State v. Tallard

816 A.2d 977, 149 N.H. 183, 2003 N.H. LEXIS 23
CourtSupreme Court of New Hampshire
DecidedFebruary 28, 2003
DocketNo. 2001-700
StatusPublished
Cited by10 cases

This text of 816 A.2d 977 (State v. Tallard) is published on Counsel Stack Legal Research, covering Supreme Court of New Hampshire primary law. Counsel Stack provides free access to over 12 million legal documents including statutes, case law, regulations, and constitutions.

Bluebook
State v. Tallard, 816 A.2d 977, 149 N.H. 183, 2003 N.H. LEXIS 23 (N.H. 2003).

Opinion

Nadeau, J.

The defendant, Henri Paul Tallard, Jr., appeals the Superior Court’s (Smith, J.) denial of his motion to vacate, modify or amend his sentence on the ground that it is unconstitutional under the rule announced in Apprendi v. New Jersey, 530 U.S. 466 (2000). We affirm.

The following facts are supported by the record. After a jury trial in July 1996, the defendant was convicted of, among other things, assault by a prisoner. See RSA 642:9 (1996) (amended 2000). He was sentenced to an extended term of ten to thirty years on the assault charge pursuant to RSA 651:6, 1(h) (1996) (amended 1998), which authorizes an extended sentence if the court finds that the defendant knowingly committed the assault “where he knows the victim was, at the time of the commission of the [assault], a law enforcement officer acting in the line of duty.” The defendant appealed the sentence, contending that a county correctional officer is not a law enforcement officer under RSA 651:6, 1(h). We affirmed. See State v. Tallard, 143 N.H. 228 (1998).

In June 2001, the defendant filed in superior court a motion to vacate, modify or amend his sentence.

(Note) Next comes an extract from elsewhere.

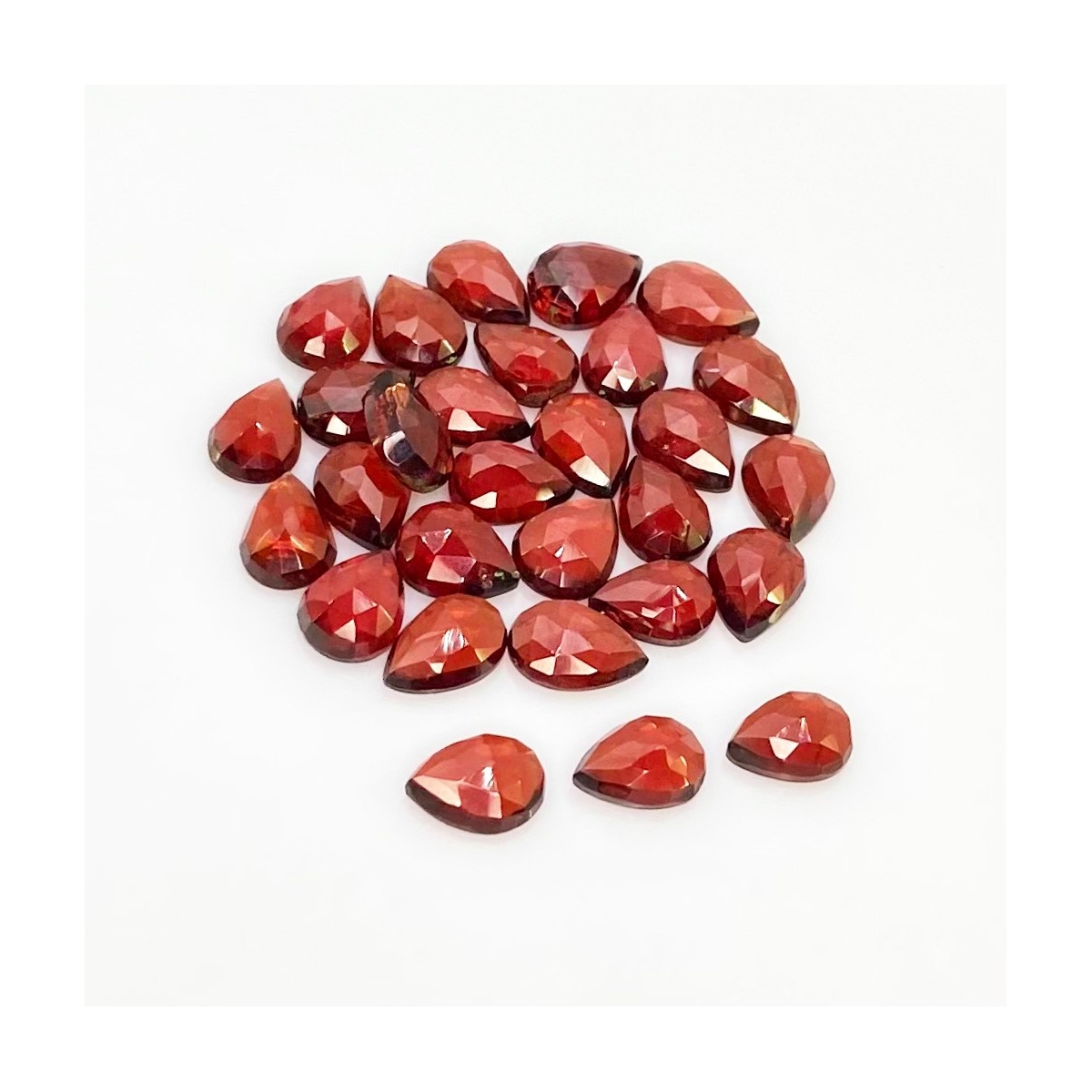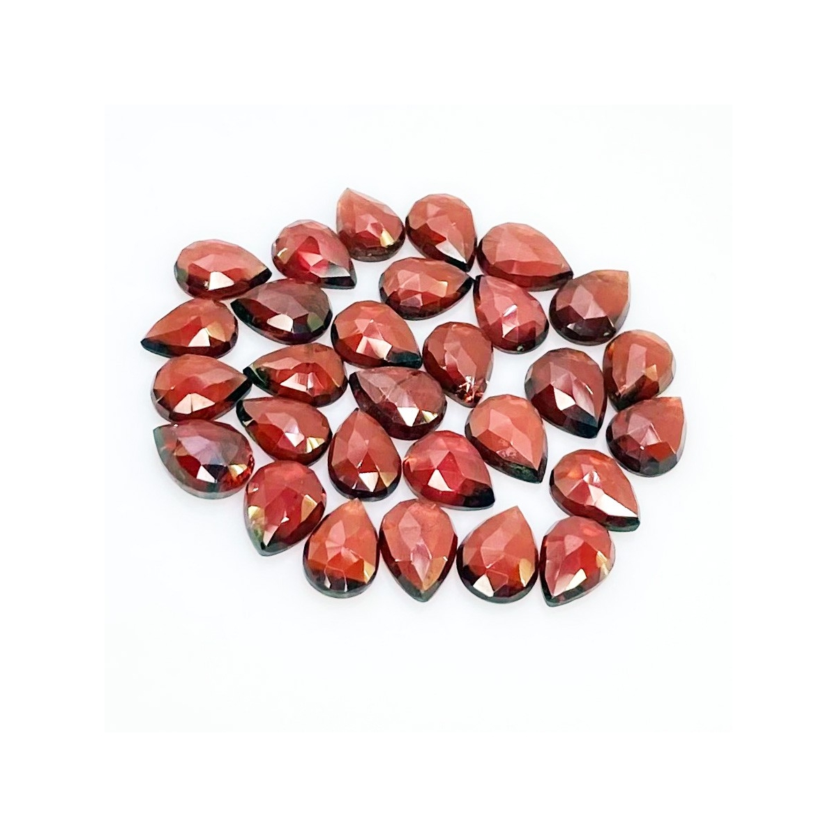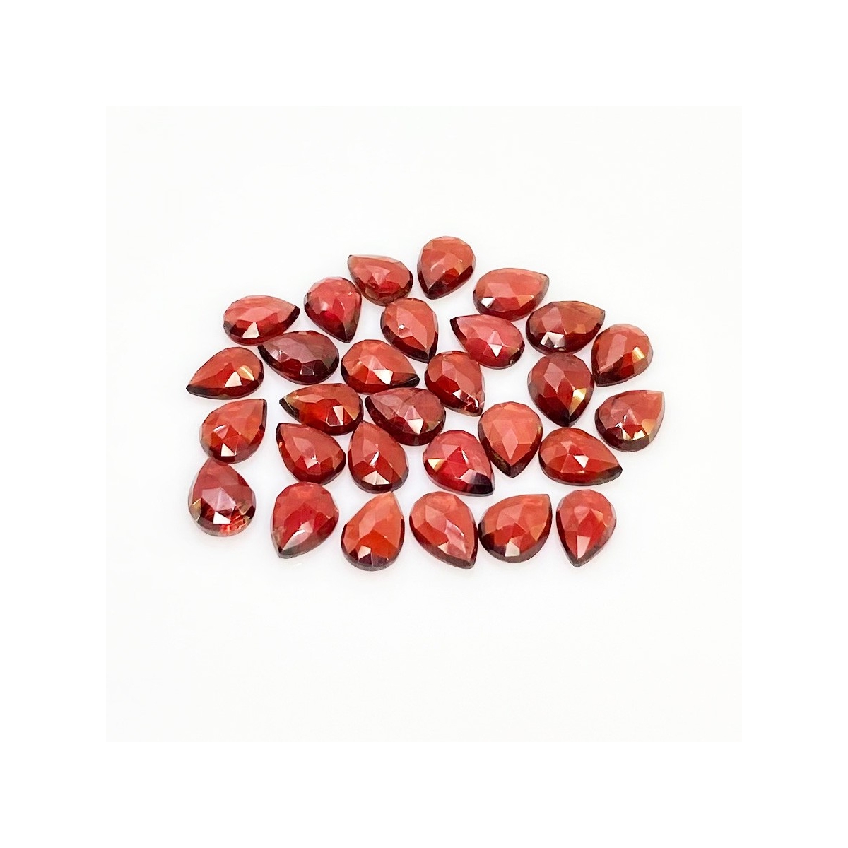 Buy This "AA" Grade 8x6mm Rose Cut Pear Shape Natural Garnet (Un-Treated) Cabochons Parcel. You Will Receive 29 Pcs. With a Total Weight of 39.5 Carat. This Garnet Stone is Originated From Mozambique and Masterfully Handcrafted by The Experienced Artisans of Jaipur (India).
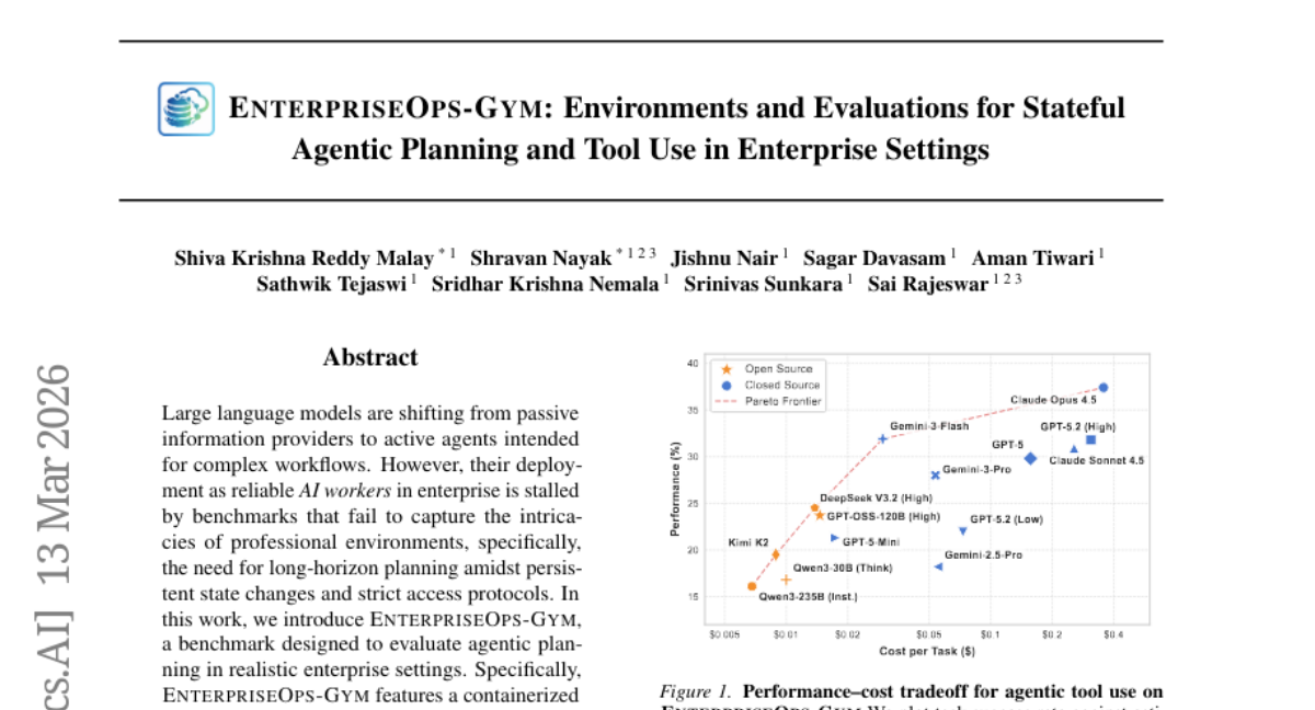 ๐ Keywords: EnterpriseOps-Gym, agentic planning, strategic reasoning, AI workers, professional workflows

He relied upon Apprendi, which held that “[o]ther than the fact of a prior conviction, any fact that increases the penalty for a crime beyond the prescribed statutory maximum must be submitted to a jury, and proved beyond a reasonable doubt.” Apprendi, 530 U.S. at 490. The defendant argued that his sentence violated the Apprendi rule because the State failed to allege in the indictment and prove to the jury the factual predicate for his enhanced sentence; namely, that the defendant knew the assault victim was a law enforcement officer acting in the line of duty. The defendant’s substantive argument has been approved by this court in State v. Ouellette, 145 N.H. 489, 491 (2000), in which we indicated that under Apprendi, “the sentencing enhancement factor — that the defendant knew that the victim was a law enforcement officer acting in the line of duty — is an element of the charged offense[]” that must be charged in the indictment and proved to the jury beyond a reasonable doubt.

The trial court denied the defendant’s motion. The court noted that the defendant’s case became final more than a year before the Supreme Court [185]*185issued the Apprendi decision. It then found that the Supreme Court’s decision in Teague v. Lane, 489 U.S. 288, 300 (1989), in which a plurality of the Court sought to “clarify how the question of retroactivity [of new constitutional rules of criminal procedure] should be resolved for cases on collateral review,” prevented it from applying Apprendi retroactively to the defendant’s case.

On appeal, the defendant contends that this court should not apply Teague, or at least should not apply it as strictly as the federal courts, because it sets forth a rule of federal habeas corpus law that is “driven by policy considerations that do not apply with equal force in this state, or under the circumstances of this appeal.” We acknowledge that there is some confusion in the case law over the applicability of Teague in state courts. It has been said that “[s]tate courts hearing claims for collateral review ... are free to set their own retroactivity rules independent of Teague.” State v. Mohler, 694 N.E.2d 1129, 1132 (Ind. 1998). We believe, however, that the issue is more complicated.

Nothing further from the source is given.